• Exercise objective: Omit every picture and write out the rest of the records exactly.

####################

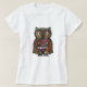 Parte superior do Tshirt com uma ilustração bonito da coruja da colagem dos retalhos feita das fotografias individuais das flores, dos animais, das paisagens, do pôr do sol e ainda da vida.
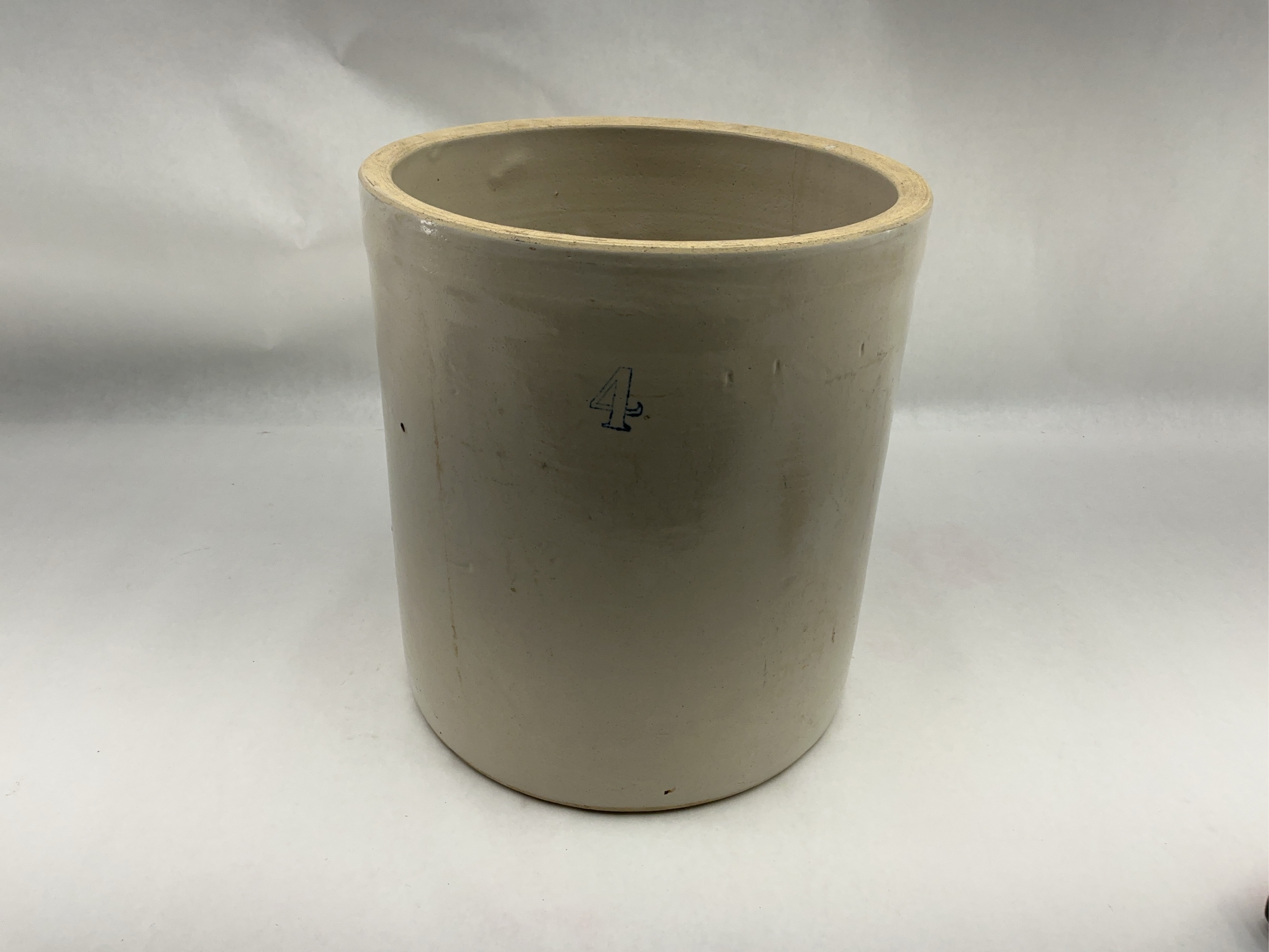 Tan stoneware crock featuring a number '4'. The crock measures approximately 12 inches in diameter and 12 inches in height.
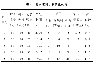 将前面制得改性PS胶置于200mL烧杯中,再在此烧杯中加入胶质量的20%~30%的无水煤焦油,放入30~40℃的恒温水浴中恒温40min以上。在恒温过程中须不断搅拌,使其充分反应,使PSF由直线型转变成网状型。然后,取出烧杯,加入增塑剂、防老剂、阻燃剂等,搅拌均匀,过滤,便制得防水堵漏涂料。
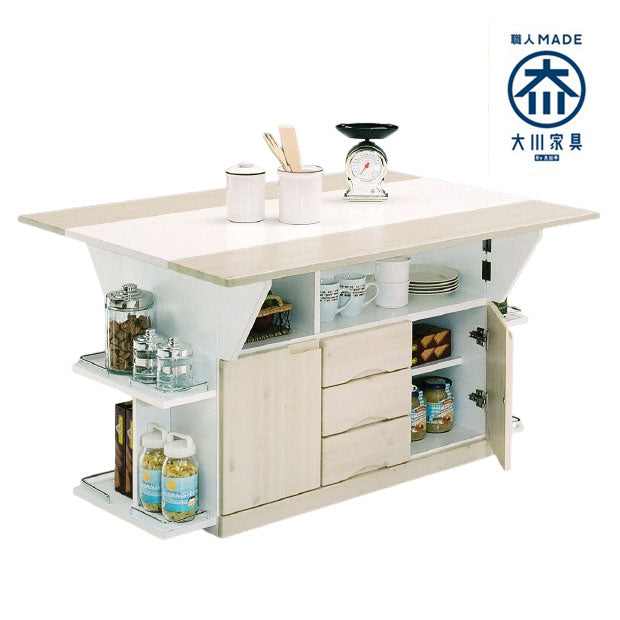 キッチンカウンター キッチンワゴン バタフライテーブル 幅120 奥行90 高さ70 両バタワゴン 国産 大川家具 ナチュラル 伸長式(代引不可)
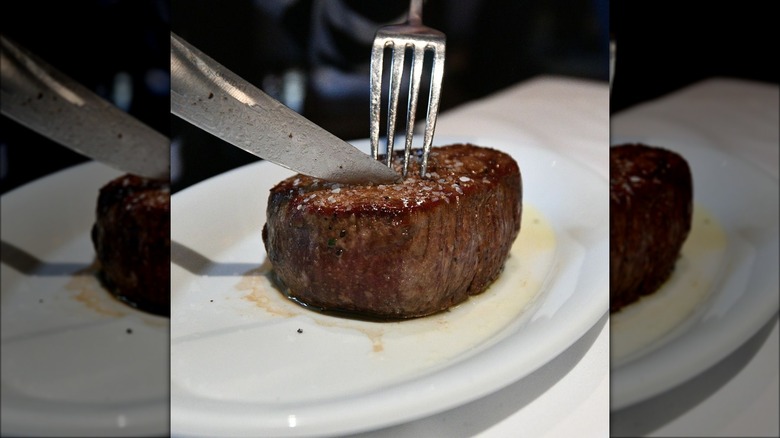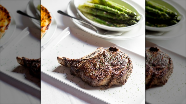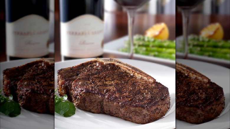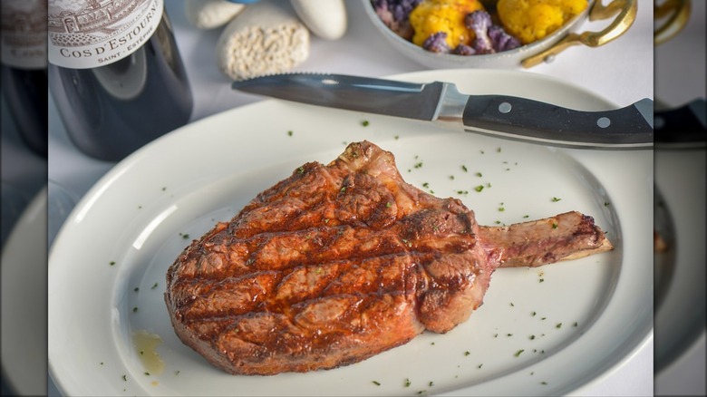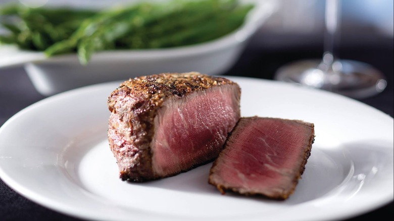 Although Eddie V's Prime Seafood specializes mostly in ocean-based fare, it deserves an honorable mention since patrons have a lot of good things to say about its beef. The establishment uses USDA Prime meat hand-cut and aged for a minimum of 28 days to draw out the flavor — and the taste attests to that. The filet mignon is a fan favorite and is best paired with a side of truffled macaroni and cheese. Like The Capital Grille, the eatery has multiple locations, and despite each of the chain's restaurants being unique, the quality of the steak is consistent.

####################

• Solution to the problem:
 Parte superior do Tshirt com uma ilustração bonito da coruja da colagem dos retalhos feita das fotografias individuais das flores, dos animais, das paisagens, do pôr do sol e ainda da vida.
 Tan stoneware crock featuring a number '4'. The crock measures approximately 12 inches in diameter and 12 inches in height.
 将前面制得改性PS胶置于200mL烧杯中,再在此烧杯中加入胶质量的20%~30%的无水煤焦油,放入30~40℃的恒温水浴中恒温40min以上。在恒温过程中须不断搅拌,使其充分反应,使PSF由直线型转变成网状型。然后,取出烧杯,加入增塑剂、防老剂、阻燃剂等,搅拌均匀,过滤,便制得防水堵漏涂料。
 キッチンカウンター キッチンワゴン バタフライテーブル 幅120 奥行90 高さ70 両バタワゴン 国産 大川家具 ナチュラル 伸長式(代引不可)
 Although Eddie V's Prime Seafood specializes mostly in ocean-based fare, it deserves an honorable mention since patrons have a lot of good things to say about its beef. The establishment uses USDA Prime meat hand-cut and aged for a minimum of 28 days to draw out the flavor — and the taste attests to that. The filet mignon is a fan favorite and is best paired with a side of truffled macaroni and cheese. Like The Capital Grille, the eatery has multiple locations, and despite each of the chain's restaurants being unique, the quality of the steak is consistent.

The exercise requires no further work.